Is It OK to Say I Feel Good?

Every single superstition... crossing my fingers, knocking on wood, etc is in my daily vocabulary more now than ever. Because I’m not used to saying “I Feel Good,” but I do!! It likely won’t last long, but a few more months would be nice. It’s honestly tough to say out loud. The recipients of my words have mixed responses from “that’s awesome,” to “what are you doing different” to “are you thinking of going back to work soon?”

Reduced energy on a good day

Let me clarify, when I say I feel good, I mean relative to the days or weeks I spend on end in bed. Right now I have more energy, but I am still never without some level of migraine. Usually a 2-3 when I wake up and averaging a 5 overall in the day instead of a 7 or even an 8. I still need a daily nap of 1-3 hours. So, no, I am NOT considering going back to work at this time. A lot more would have to change.
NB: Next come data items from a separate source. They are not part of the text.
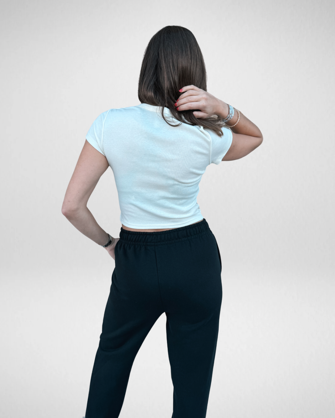 Say hello to your new favorite Baby Tee— the most perfect Baby Tee you have ever seen. This fitted crewneck is mid-length, so it’s ideal with our Joy Joggers, your favorite pair of jeans, or Fly Free Sweatpants. Comfortable is an understatement.
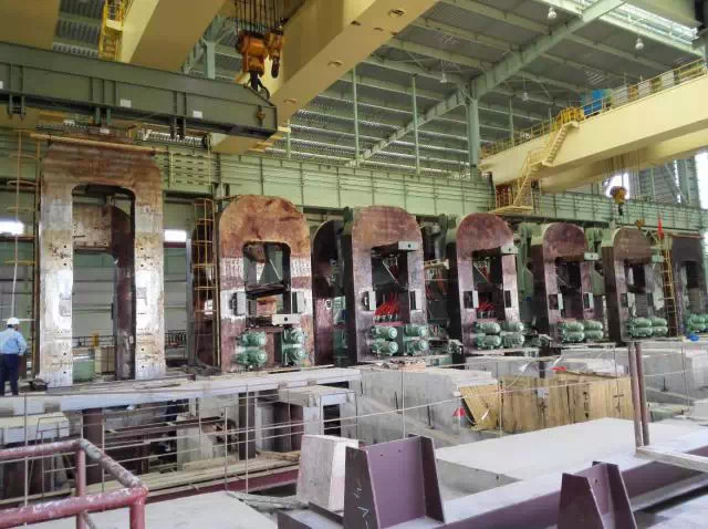 △2250热轧精轧牌坊“七兄弟”大团圆5月14日,2250热轧精轧F1牌坊开始吊装。随着行车指吊员一声令下,两台主轧跨行车钢丝绳缓缓落下,F1牌坊平稳落在底座上。至此,7台精轧机F1-F7七个机架牌坊全部安装到位。
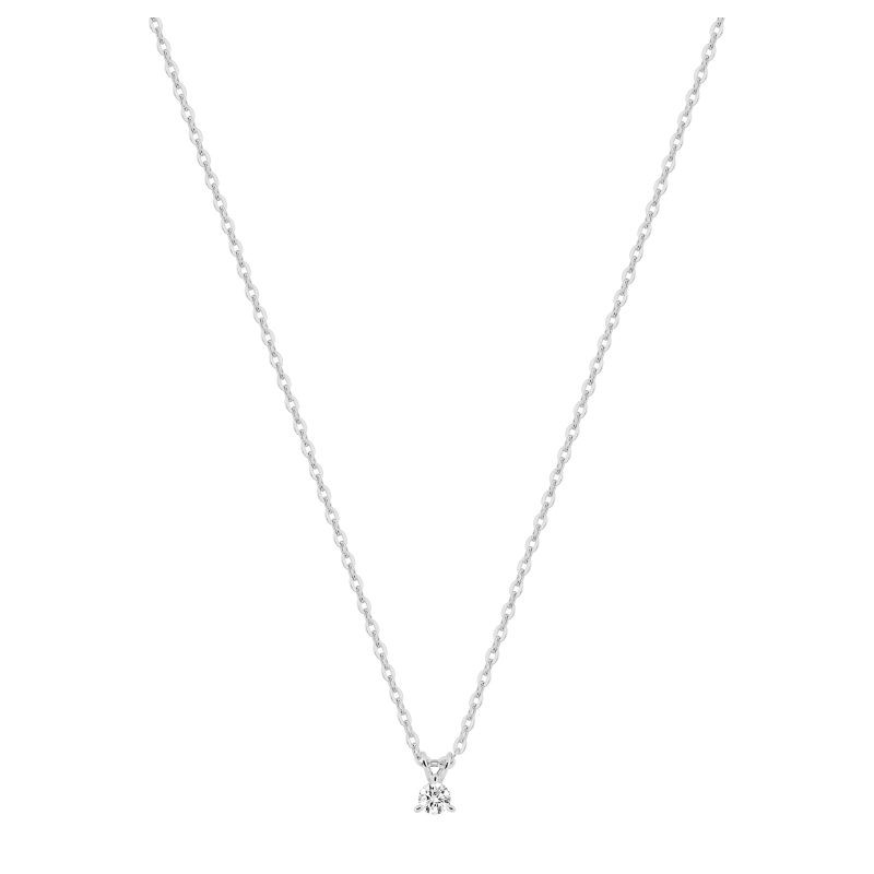 Elegante gargantilla fabricada en oro blanco 9kilates, con un colgante con brillante. Su tamaño pequeño y delicado la hacen muy elegante y versatil para cualquier ocasión.
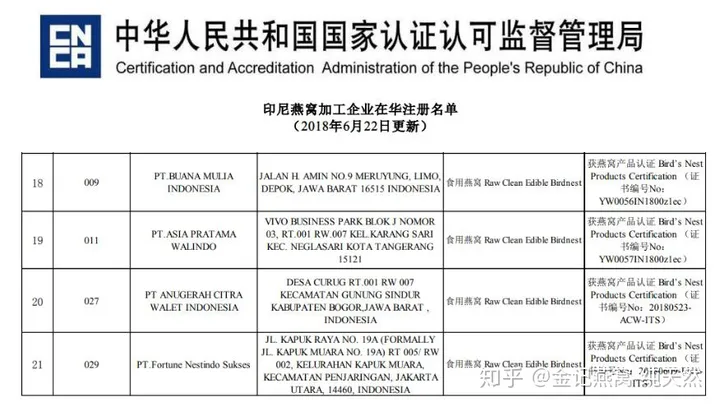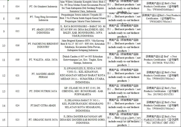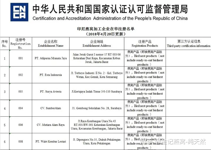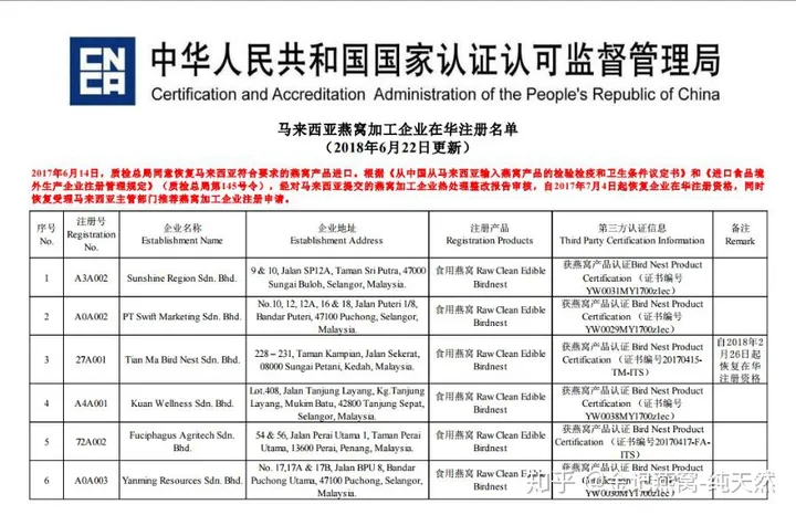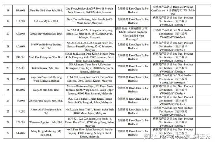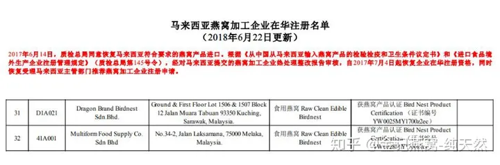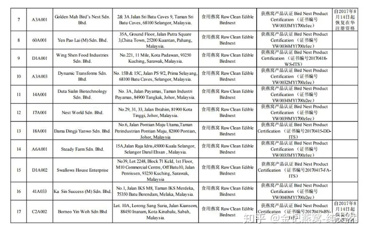 Ngoài ra, yêu cầu đối với việc sản xuất, chế biến tổ yến truy xuất nguồn gốc rất khắt khe, hiện nay ở Đông Nam Á có hàng trăm nghìn cơ sở chế biến tổ yến lớn nhỏ nhưng tổng số nhà máy đăng ký mã truy xuất nguồn gốc đã được phê duyệt. vào Trung Quốc là dưới 100. , các công ty này đều có thể đăng http://ebn.caiq.org.cn) có thể được tìm thấy (phần liệt kê~phóng to để xem):

A change after Ketamine infusions

The question of “what has changed,” is valid. I’ve described in length the in-patient Ketamine infusions I have received from Jefferson Headache Clinic. My last and third visit for Ketamine was mid-October 2015. Something was different this time. Due to the timing of my admission, the Ketamine was increased slower than in the past. I think it helped my body to adjust.
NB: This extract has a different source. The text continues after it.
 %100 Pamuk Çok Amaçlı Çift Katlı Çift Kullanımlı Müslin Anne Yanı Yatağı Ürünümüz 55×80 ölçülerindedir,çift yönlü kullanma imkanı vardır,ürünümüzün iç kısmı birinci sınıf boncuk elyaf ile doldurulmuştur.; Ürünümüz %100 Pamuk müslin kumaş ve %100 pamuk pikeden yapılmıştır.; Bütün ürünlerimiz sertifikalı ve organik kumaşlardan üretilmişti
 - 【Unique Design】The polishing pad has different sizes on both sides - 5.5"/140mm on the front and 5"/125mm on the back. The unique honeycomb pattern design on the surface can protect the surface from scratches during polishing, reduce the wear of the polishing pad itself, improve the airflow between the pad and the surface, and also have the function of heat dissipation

Double vision and dizziness

I typically get double vision at the highest dose, which I didn’t. I could even tolerate watching a little TV. I always try to be active in the hospital although it’s hard when the meds can make you dizzy. I managed not only to take one or two walks around the floor a day, I even rolled out my yoga mat (under supervision, of course).

A new migraine treatment plan

My summer had been plagued with non-stop migraines with aura. Those are the most intense, painful and hard to control. My headache specialist and I had come up with a plan to see if I could get some relief. I would get Botox, four weeks later I’d do a nerve block, same thing four weeks later, and then it would be time for my next Botox. This approach seemed to make a difference, but I still couldn’t knock the auras. My local headache specialist sent me to Jefferson who quickly made an appointment for me to go in for a five-day Ketamine infusion. They say the better you feel when you enter the hospital, the better the outcome. For the first time, I can attest to this.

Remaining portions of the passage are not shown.